* **Material shown**
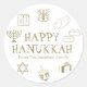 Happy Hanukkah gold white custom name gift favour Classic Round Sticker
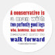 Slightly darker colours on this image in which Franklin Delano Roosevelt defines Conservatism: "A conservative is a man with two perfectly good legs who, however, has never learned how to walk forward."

---

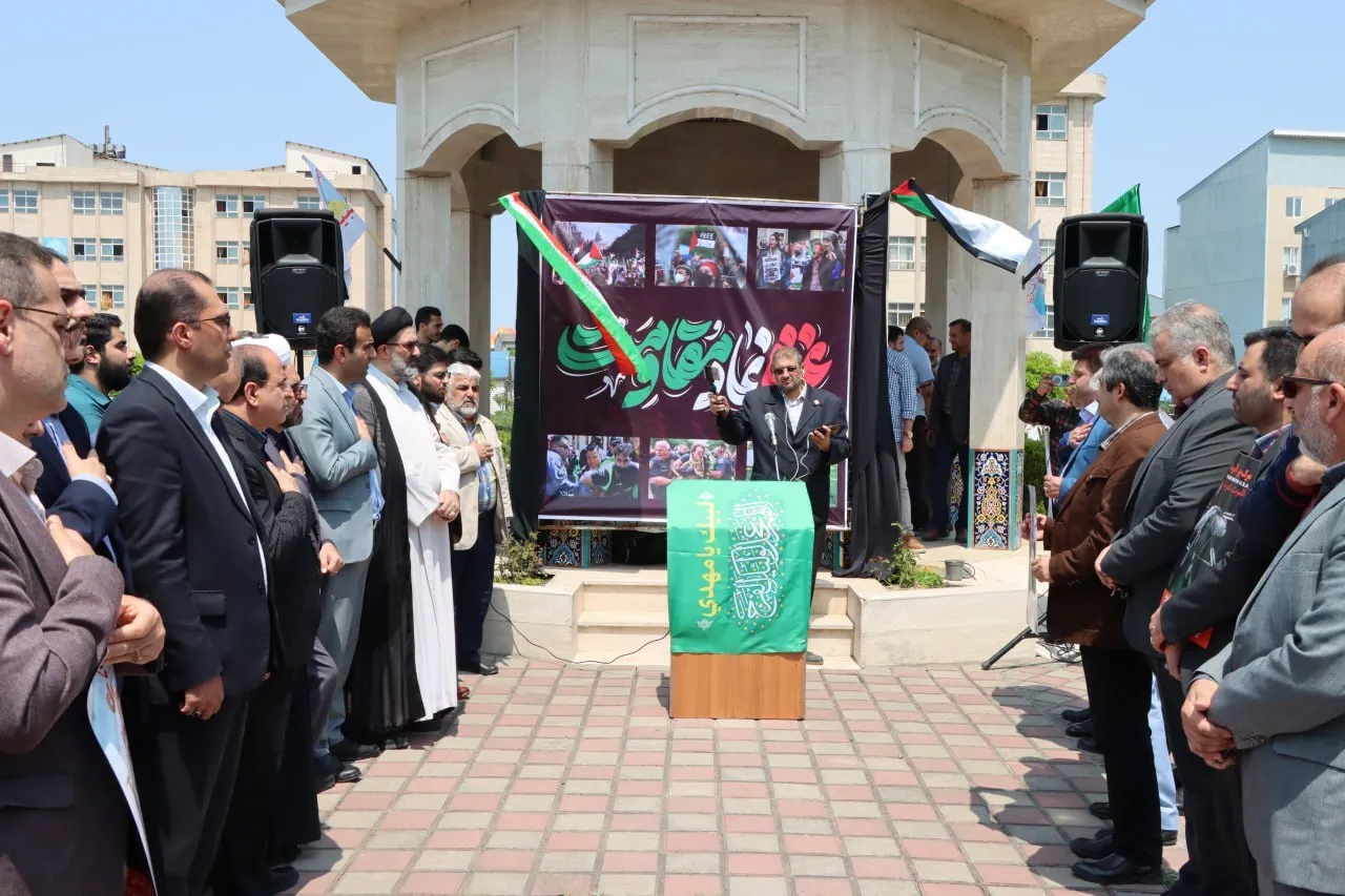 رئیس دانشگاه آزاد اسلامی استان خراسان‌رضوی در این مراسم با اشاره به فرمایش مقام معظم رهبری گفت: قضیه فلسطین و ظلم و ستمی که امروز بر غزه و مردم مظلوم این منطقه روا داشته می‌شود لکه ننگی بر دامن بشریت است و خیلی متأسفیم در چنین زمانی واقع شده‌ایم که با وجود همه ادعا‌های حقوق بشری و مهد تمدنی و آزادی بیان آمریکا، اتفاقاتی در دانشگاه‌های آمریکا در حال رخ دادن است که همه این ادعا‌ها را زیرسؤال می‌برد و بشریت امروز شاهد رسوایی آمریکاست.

* **Directions**
Within the listing above, copy exactly the lines that start at the one with "Happy Hanukkah gold" and continue through the one with "Slightly darker colours". Omit pictures.

* **Answer to the exercise**
 Happy Hanukkah gold white custom name gift favour Classic Round Sticker
 Slightly darker colours on this image in which Franklin Delano Roosevelt defines Conservatism: "A conservative is a man with two perfectly good legs who, however, has never learned how to walk forward."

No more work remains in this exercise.